Problem requirements: Here are records with pictures in them. Copy all of them exactly and leave the pictures out.

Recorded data
Segment Open

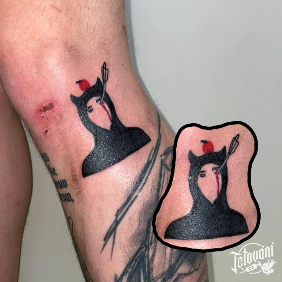 Tetování portrét na koleni
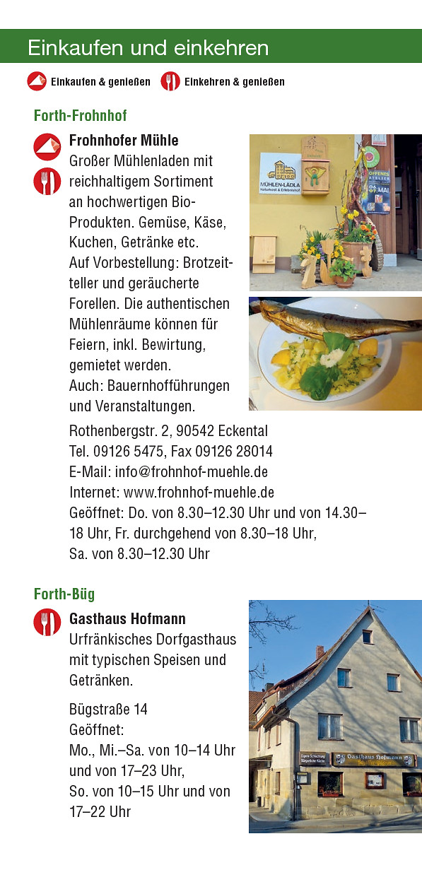 Sie bestand schon vor 1300, eine Turbine wurde 1953 – wie bei vielen Mühlen in dieser Zeit – eingebaut und in den 1960ern noch 1 Tonne Getreide pro Tag vermahlen. Heute betreiben die Besitzer Biolandwirtschaft und einen schmucken Bioland-Hofladen mit großer Auswahl. Es gibt kalte Getränke, Kaffee und – selbst­ver­ständ­lich – selbstgebackene Kuchen in den ursprünglich er­hal­tenen Mühlengemächern oder im Garten sowie auf Vorbe­stel­lung Brotzeitteller, Käseplatten und geräucherte Forellen. Der Wanderer kann sich seinen Rucksack für die nächste Wegzehrung füllen.
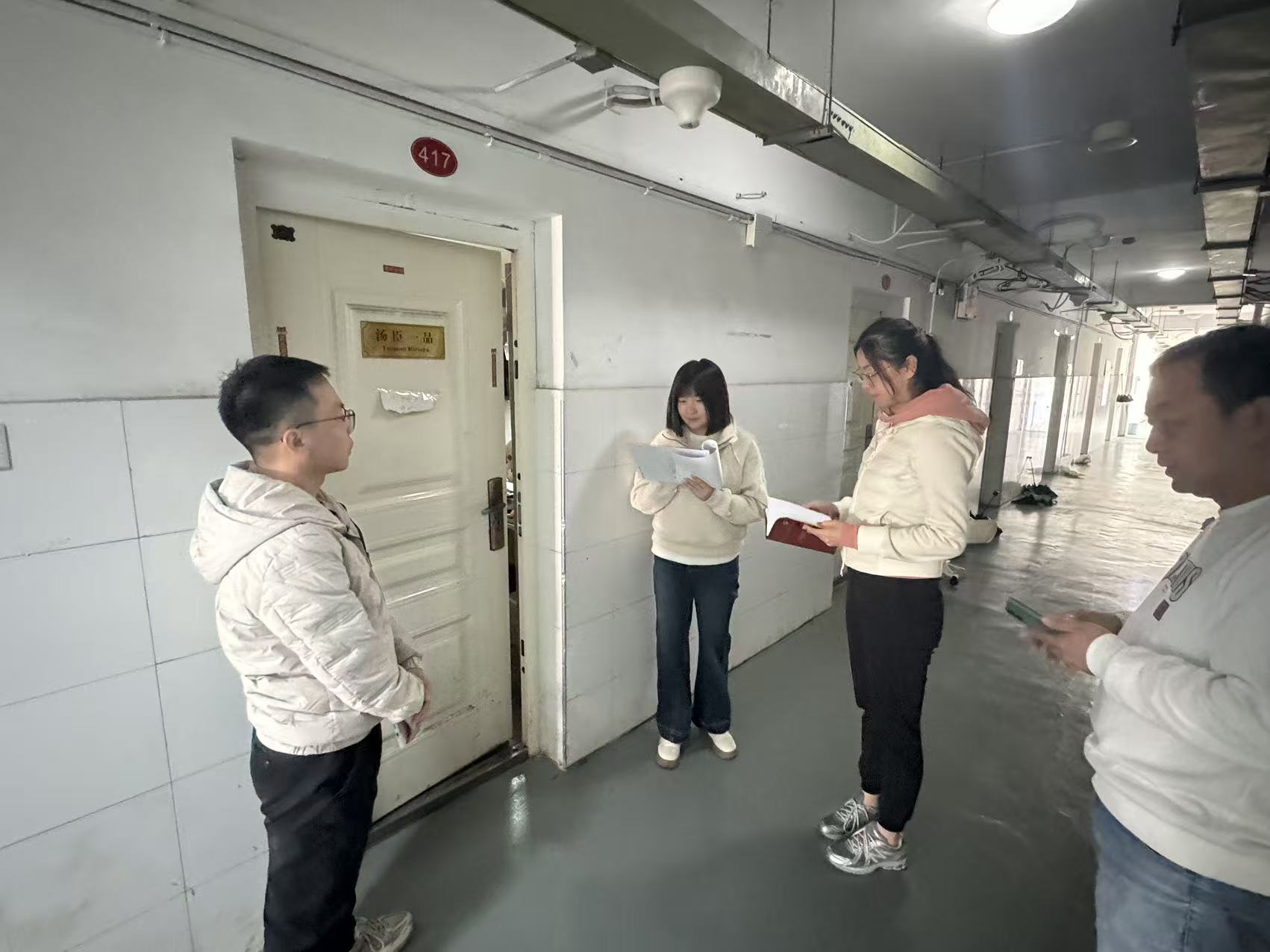 (班主任王子豪、李妍茹等老师走访一站式员工服务社区员工宿舍)
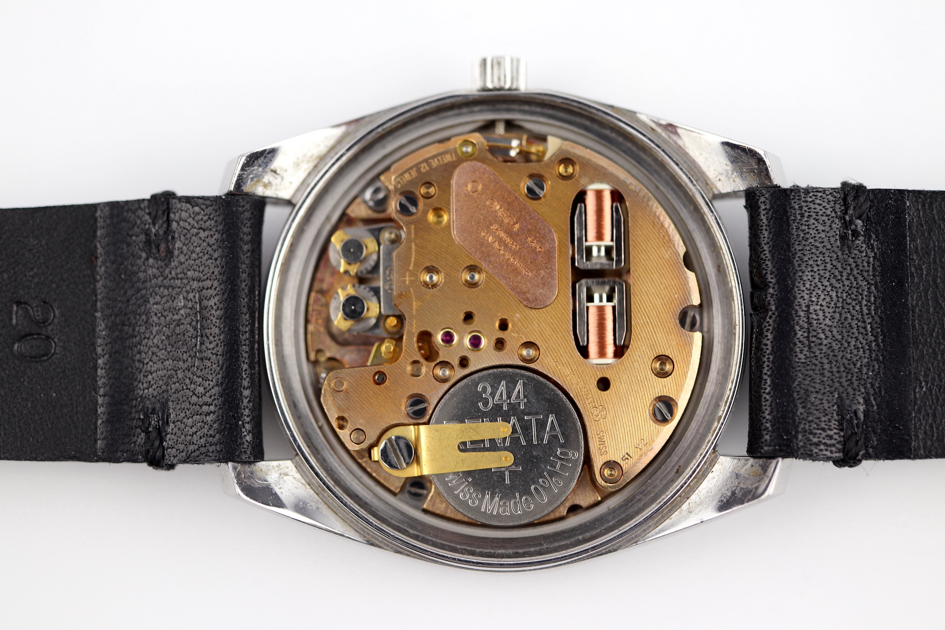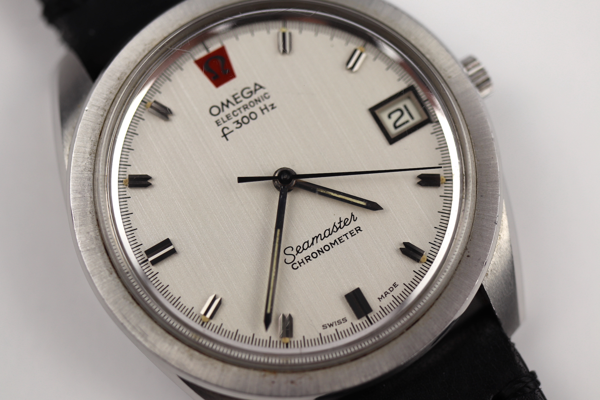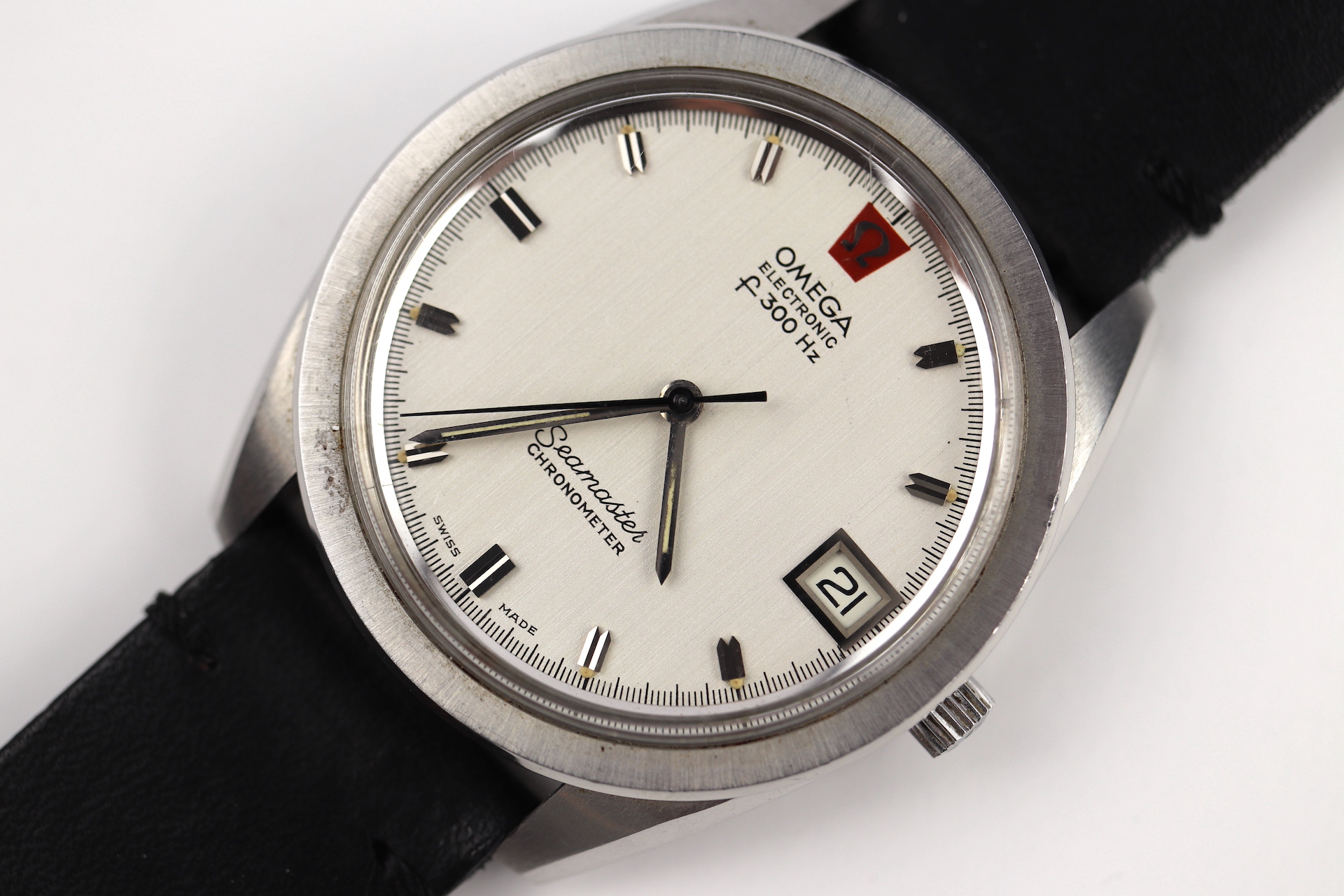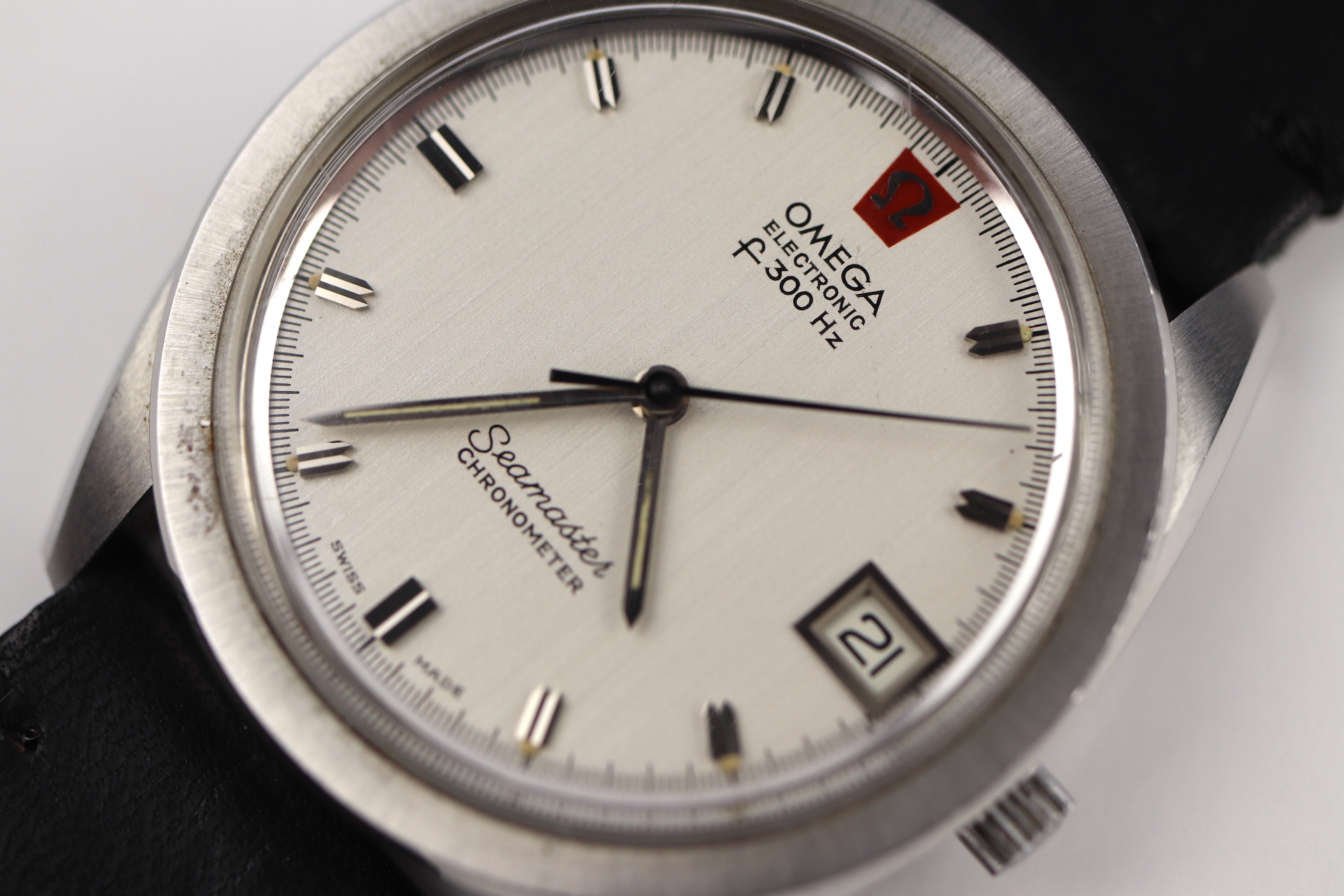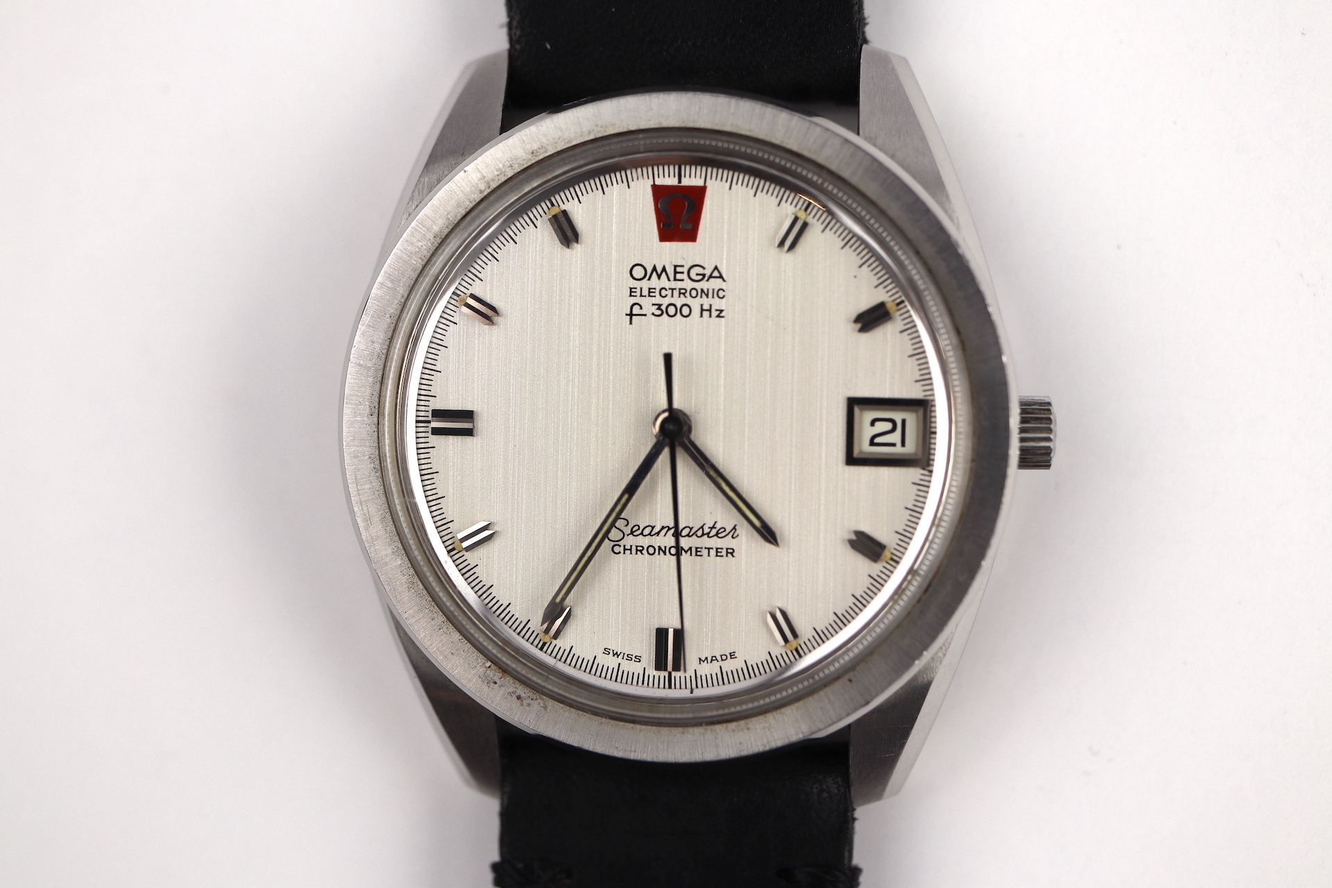 ·For sale, I have an Omega Seamaster Chronometer F300 Ref: 198.001. It has the Caliber 1250 which is an electronic movement. The watch was just serviced and it has a new battery and gasket. The calendar date changes automatically which often is an issue on these watches. It appears to be all original. The serial number would suggest the manufacture date to be 1970. The watch will come with a new black leather strap.
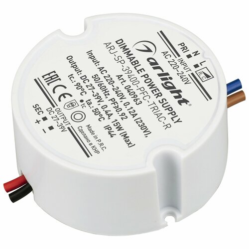 Диммируемый источник тока по стандарту TRIAC с гальванической развязкой для светильников и мощных светодиодов. Входное напряжение 220-240 VAC. Выходные параметры: 27-39 В, 400 mА, 15 Вт. Встроенный PFC >0,92. Негерметичный пластиковый корпус IP 44. Габаритные размеры: диаметр в окружности Ø51 мм, высота 22 мм. Гарантийный срок 5 лет.
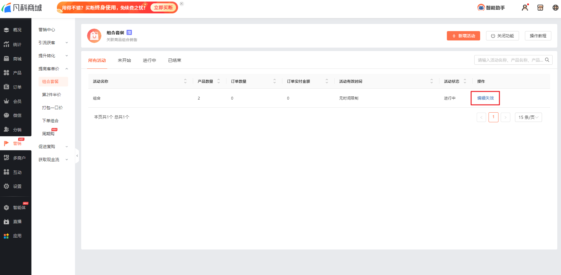 所有活动列表中展示所有已创建的组合套餐活动,支持对活动进行“编辑、失效”操作。
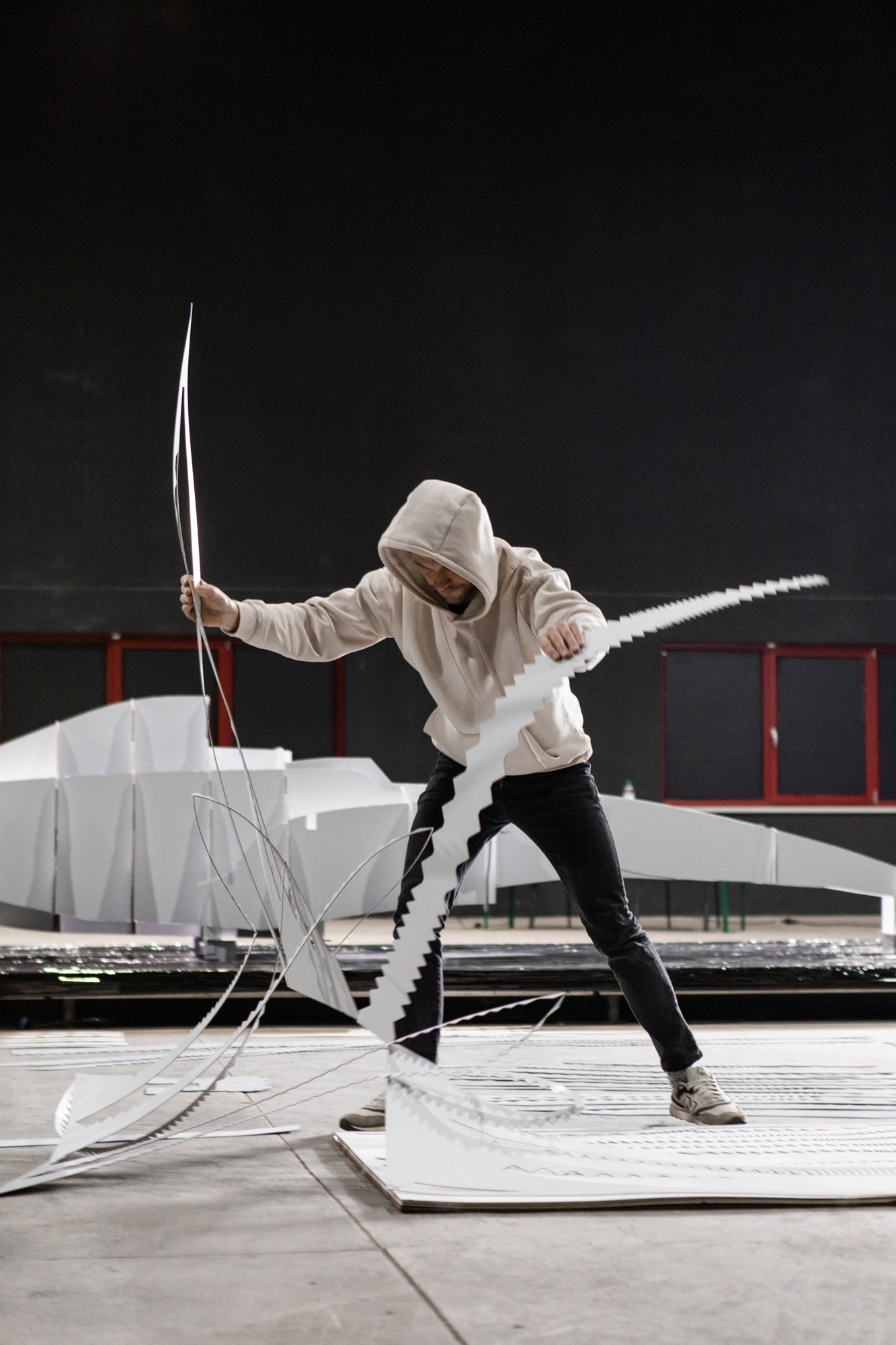 Car volumes are cut into repeating paper slices that highlight the lightness and line of each part. Instead of classic cross-sections, the sculptures reveal the full form through rhythm, repetition and finely layered contours.

Segment Closed

Exercise answer:
 Tetování portrét na koleni
 Sie bestand schon vor 1300, eine Turbine wurde 1953 – wie bei vielen Mühlen in dieser Zeit – eingebaut und in den 1960ern noch 1 Tonne Getreide pro Tag vermahlen. Heute betreiben die Besitzer Biolandwirtschaft und einen schmucken Bioland-Hofladen mit großer Auswahl. Es gibt kalte Getränke, Kaffee und – selbst­ver­ständ­lich – selbstgebackene Kuchen in den ursprünglich er­hal­tenen Mühlengemächern oder im Garten sowie auf Vorbe­stel­lung Brotzeitteller, Käseplatten und geräucherte Forellen. Der Wanderer kann sich seinen Rucksack für die nächste Wegzehrung füllen.
 (班主任王子豪、李妍茹等老师走访一站式员工服务社区员工宿舍)
 ·For sale, I have an Omega Seamaster Chronometer F300 Ref: 198.001. It has the Caliber 1250 which is an electronic movement. The watch was just serviced and it has a new battery and gasket. The calendar date changes automatically which often is an issue on these watches. It appears to be all original. The serial number would suggest the manufacture date to be 1970. The watch will come with a new black leather strap.
 Диммируемый источник тока по стандарту TRIAC с гальванической развязкой для светильников и мощных светодиодов. Входное напряжение 220-240 VAC. Выходные параметры: 27-39 В, 400 mА, 15 Вт. Встроенный PFC >0,92. Негерметичный пластиковый корпус IP 44. Габаритные размеры: диаметр в окружности Ø51 мм, высота 22 мм. Гарантийный срок 5 лет.
 所有活动列表中展示所有已创建的组合套餐活动,支持对活动进行“编辑、失效”操作。
 Car volumes are cut into repeating paper slices that highlight the lightness and line of each part. Instead of classic cross-sections, the sculptures reveal the full form through rhythm, repetition and finely layered contours.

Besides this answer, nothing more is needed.